# Wtf...



## ExLe (Feb 7, 2012)

Is this section a joke?...


Oh I guess it's legit...

I guess i just popped it's cherry...


----------



## Big Pimpin (Feb 7, 2012)

ExLe said:


> Is this section a joke?...


----------



## ExLe (Feb 7, 2012)

No it's black History Month...


----------



## Arnold (Feb 7, 2012)

we keep getting requests for an all natural forum so this is it!


----------



## ExLe (Feb 7, 2012)

Prince said:


> we keep getting requests for an all natural forum so this is it!


 

How about all the request for adding tranny as a gender option?...

http://www.ironmagazineforums.com/suggestion-box/146322-add-tranny-gender-option.html

And TRT section?...

http://www.ironmagazineforums.com/suggestion-box/153209-trt-section.html


----------



## bigbenj (Feb 7, 2012)

Who is going to head this section?


----------



## littlekev (Feb 7, 2012)

bigbenj said:


> Who is going to head this section?



I can. test is natural, and i like teenage girls....


----------



## littlekev (Feb 7, 2012)

Opps this isn't anything goes...


----------



## Tuco (Feb 7, 2012)

A teen section in a board that is sponsored by businesses that deal in the sale of illicit anabolic steroids.


----------



## ~RaZr~ (Feb 7, 2012)

The "Natural" section will do good, but give it a few months and the teens will start to ask, "How does this dbol only cycle looks brahs?"

I vote for bigbenj or Capt'n as the moderator


----------



## ExLe (Feb 7, 2012)

djlance said:


> The "Natural" section will do good, but give it a few months and the teens will start to ask, "How does this dbol only cycle looks brahs?"
> 
> I vote for BigBen or Capt'n as the moderators


 



I think that's the plan...


----------



## ~RaZr~ (Feb 7, 2012)

PITBULL915 said:


> A teen section in a board that is sponsored by businesses that deal in the sale of illicit anabolic steroids.



What are you trying to say Pit? Everyone here is natural


----------



## Tuco (Feb 7, 2012)

djlance said:


> What are you trying to say Pit?

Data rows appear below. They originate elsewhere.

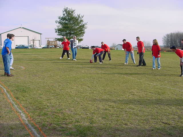 9 PLAYERS PER TEAM - TEAMS ARE LIMITED TO 9 PLAYERS BECAUSE OF THE SMALL FIELD. IF A TOTAL OF 18 PLAYERS ARE NOT AVAILABLE THEN PLAYERS MAY BE TRADED TO THE OPOSING TEAM TO MAKE THE SIDES EVEN. SHOULD AN ODD NUMBER OF PLAYERS OCCUR THEN 1 OR MORE PLAYERS MUST SIT OUT.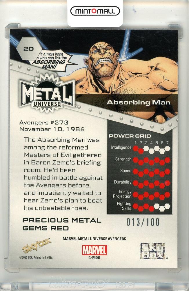 2023 Sky Box Marvel Metal Universe Avengers Absorbing Man #20 Precious Metal Gems Red【013/100】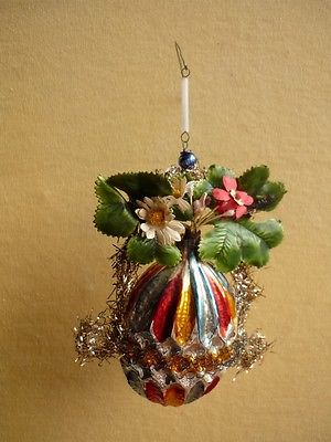 Title (ebay affiliate link): VTG.GLASS BEADED VASE CHRISTMAS TREE ORNAMENT WITH PAPIER FLOWERS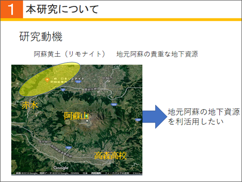 研究に用いた阿蘇黄土は、阿蘇山の北側に広く分布しています。阿蘇黄土は表層から、深い所で地下3メートルまで豊富に存在します。この地元の地下資源を、ぜひ活用したいと考えました。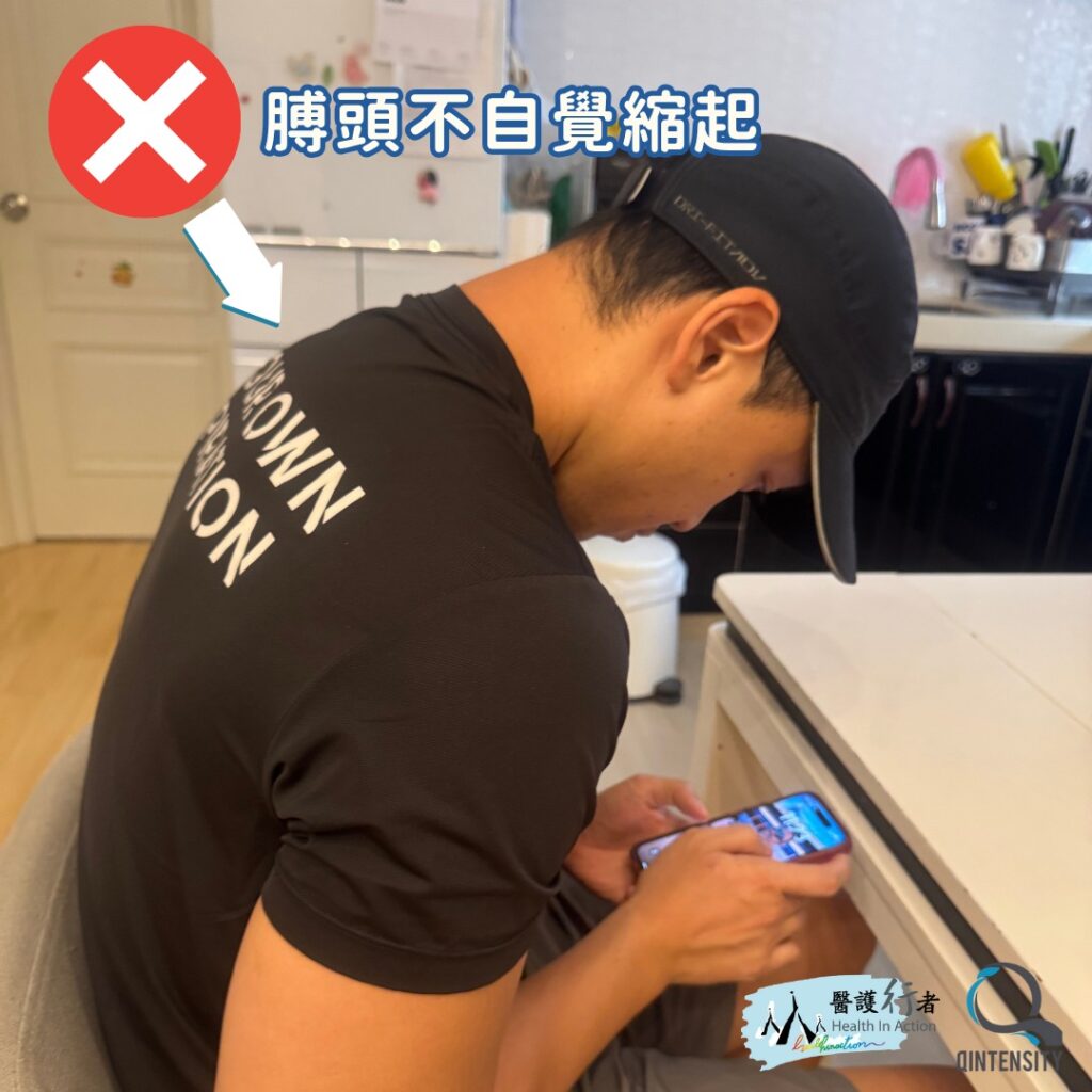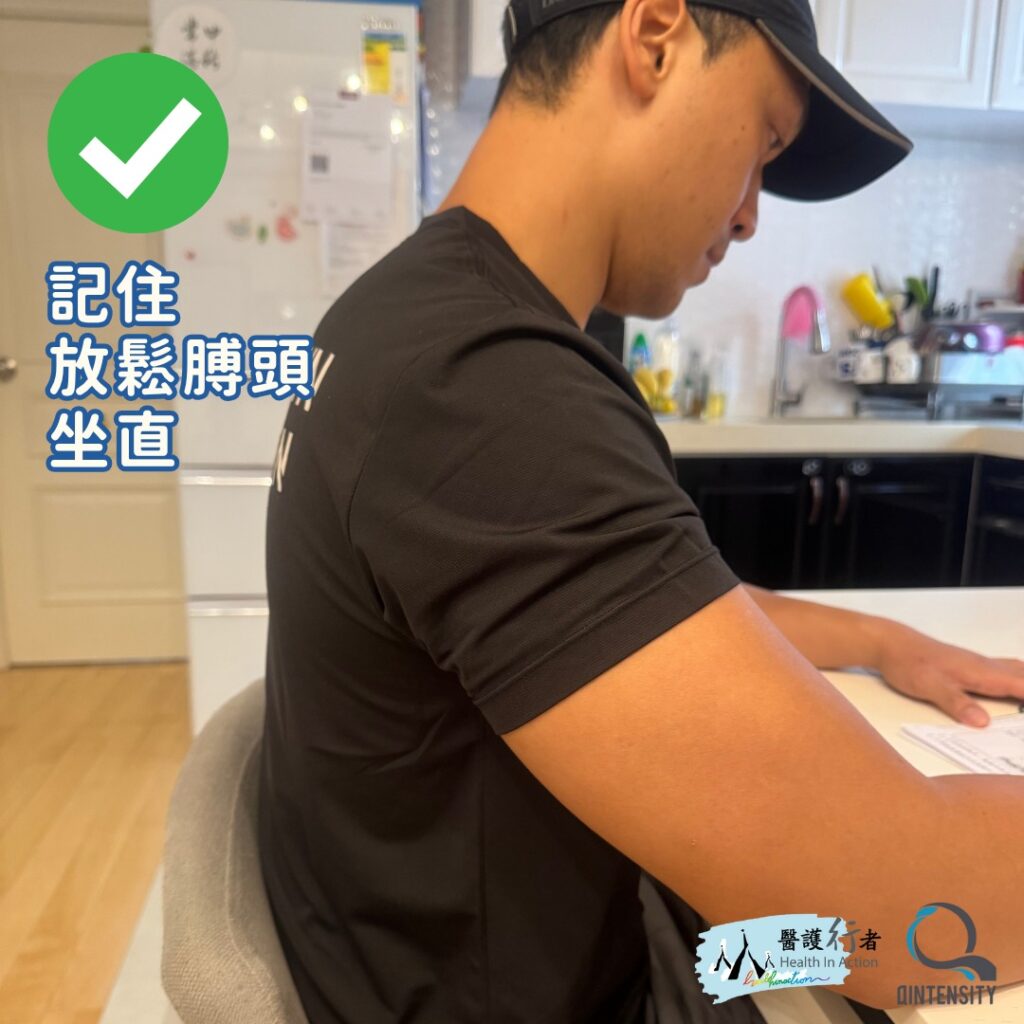 ➡️ 膊頭不自覺縮起?記住放鬆膊頭、坐直,雙腳平放地上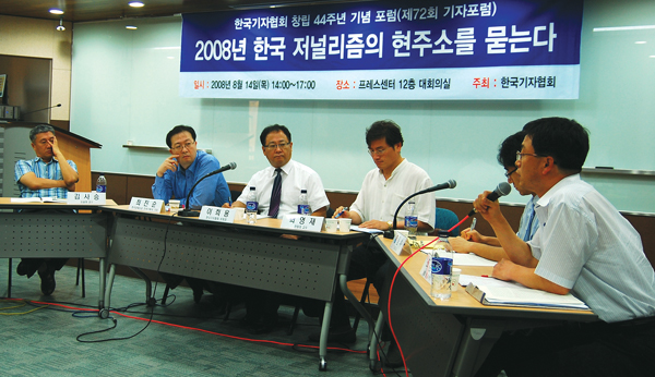 한국기자협회 창립 44주년 기념 포럼 ‘2008년 한국 저널리즘의 현주소를 묻는다’가 13일 서울 광화문 한국프레스센터 12층 한국언론재단 대강의실에서 열려 최근 촛불정국에서 나타난 한국 언론의 전반적인 문제점에 대해 논의했다.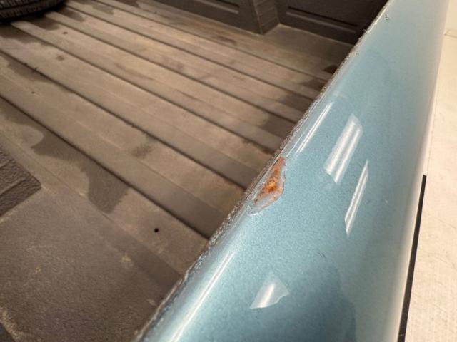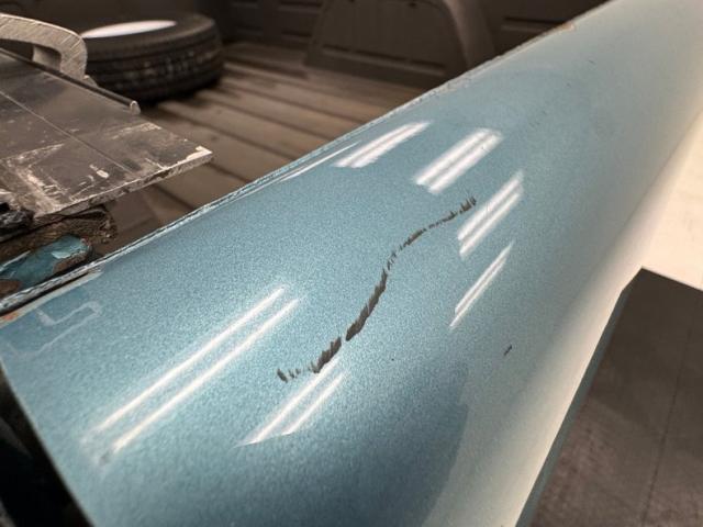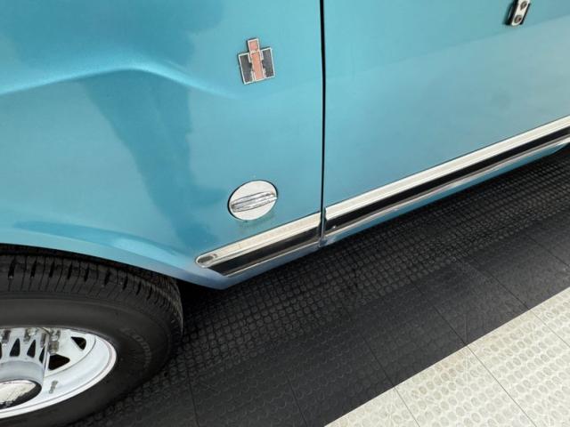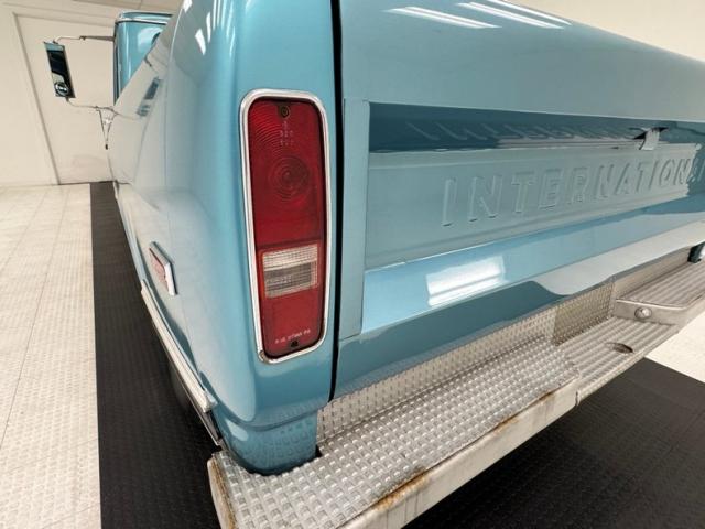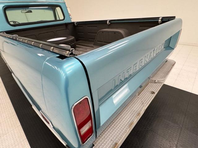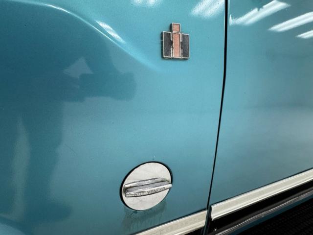 This handsome unit has had one repaint, according to our consignor, in the original Medium Blue, and it shines brightly under our lights. The IH trademark of simplicity also shines through with single headlights in the horizontal grille and polished bezel over a wrap- around chrome bumper while wide mirrors flank the boxy cabin. Things are kept unassuming out back with basic tail lights, a stamped tailgate, and a steel topped, heavy duty bumper. The bold trim on the side, a black band bordered by polished trim, is a nice visual connector to the 16-inch American Racing wheels, here wrapped in LT rated tires. There\'s a clean bedliner and snaps in place for the tonneau cover that comes with the truck. At a distance, it looks fantastic but our crack staff and their magnifying glass pick up some typical imperfections including scratches, chips, spotting, discoloration at both fuel fills, light bubbling, and a detaching bumper topper.

Everyone here is natural



I forgot all aas posts and soliciting by sponsors is for pure entertainment purposes.  With the teen section now, it will be like DisneyWorld here.


----------



## littlekev (Feb 7, 2012)

PITBULL915 said:


> I forgot all aas posts and soliciting by sponsors is for pure entertainment purposes.  With the teen section now, it will be like DisneyWorld here.



They need to add the kids from High school musical to their banner....


----------



## Tuco (Feb 7, 2012)

littlekev said:


> They need to add the kids from High school musical to their banner....



That mexican hoe is pretty bad too


----------



## Vibrant (Feb 7, 2012)

littlekev said:


> They need to add the kids from High school musical to their banner....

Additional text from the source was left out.